(TASK DESCRIPTION) The response should contain only the line with "Two frontal planes" and every line after it to the end of the listing below, duplicated exactly; no picture belongs in it.

(RECORDED INFORMATION)
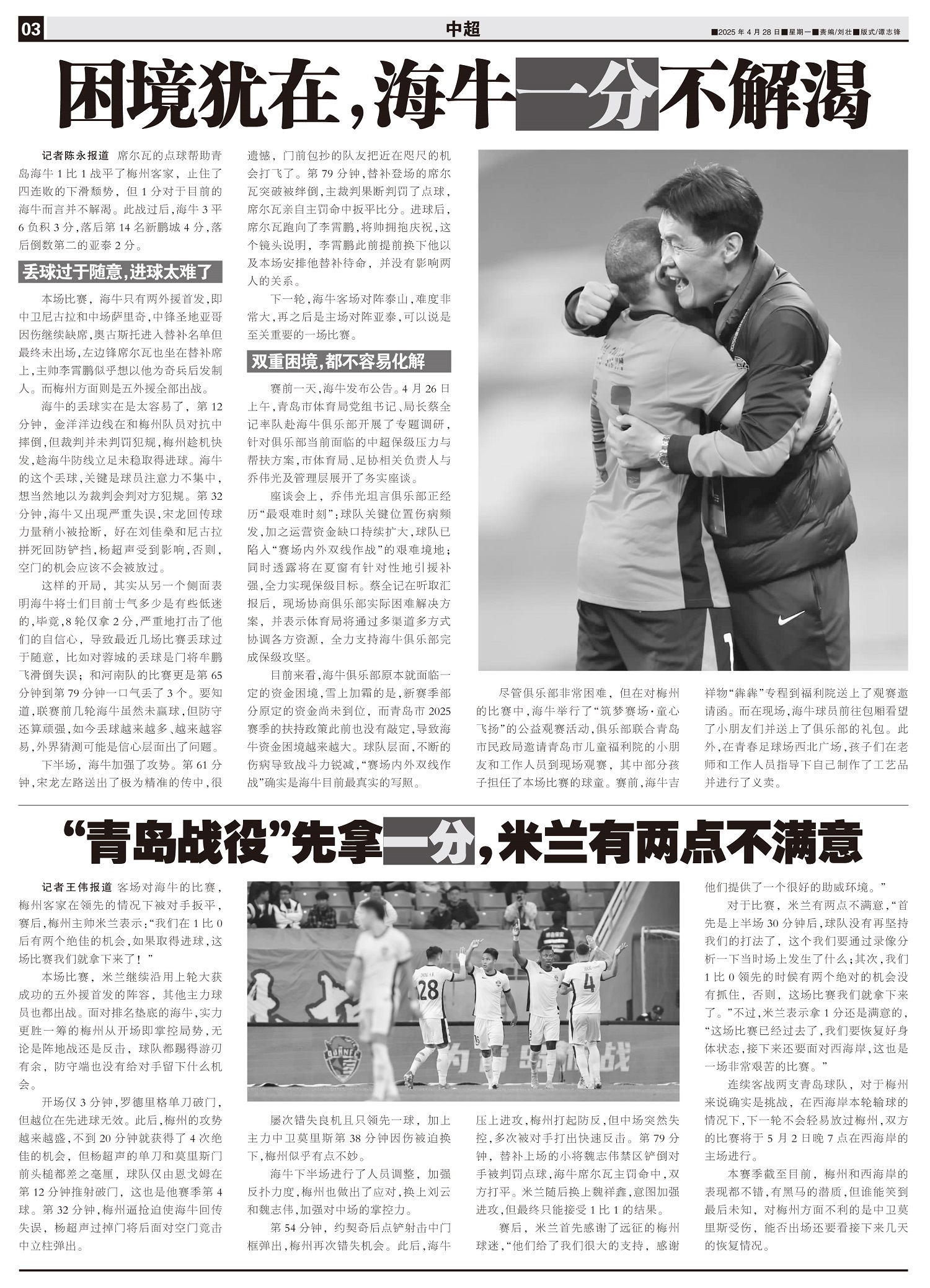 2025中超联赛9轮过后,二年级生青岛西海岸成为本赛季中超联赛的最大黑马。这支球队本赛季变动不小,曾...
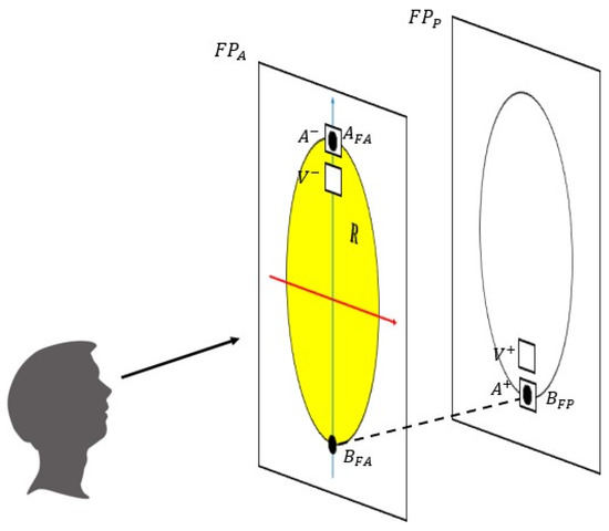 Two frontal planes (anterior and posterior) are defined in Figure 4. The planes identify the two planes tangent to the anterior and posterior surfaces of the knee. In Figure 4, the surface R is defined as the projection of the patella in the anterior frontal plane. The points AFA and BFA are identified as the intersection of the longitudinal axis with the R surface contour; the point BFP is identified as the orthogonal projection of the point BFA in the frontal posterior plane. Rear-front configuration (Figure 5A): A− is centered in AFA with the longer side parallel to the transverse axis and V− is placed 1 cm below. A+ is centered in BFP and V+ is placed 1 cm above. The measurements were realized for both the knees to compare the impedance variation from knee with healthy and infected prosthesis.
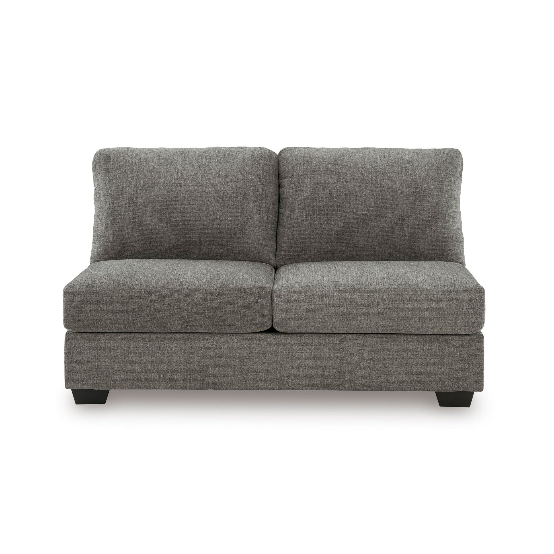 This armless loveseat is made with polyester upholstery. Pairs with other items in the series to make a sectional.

(TASK RESPONSE)
 Two frontal planes (anterior and posterior) are defined in Figure 4. The planes identify the two planes tangent to the anterior and posterior surfaces of the knee. In Figure 4, the surface R is defined as the projection of the patella in the anterior frontal plane. The points AFA and BFA are identified as the intersection of the longitudinal axis with the R surface contour; the point BFP is identified as the orthogonal projection of the point BFA in the frontal posterior plane. Rear-front configuration (Figure 5A): A− is centered in AFA with the longer side parallel to the transverse axis and V− is placed 1 cm below. A+ is centered in BFP and V+ is placed 1 cm above. The measurements were realized for both the knees to compare the impedance variation from knee with healthy and infected prosthesis.
 This armless loveseat is made with polyester upholstery. Pairs with other items in the series to make a sectional.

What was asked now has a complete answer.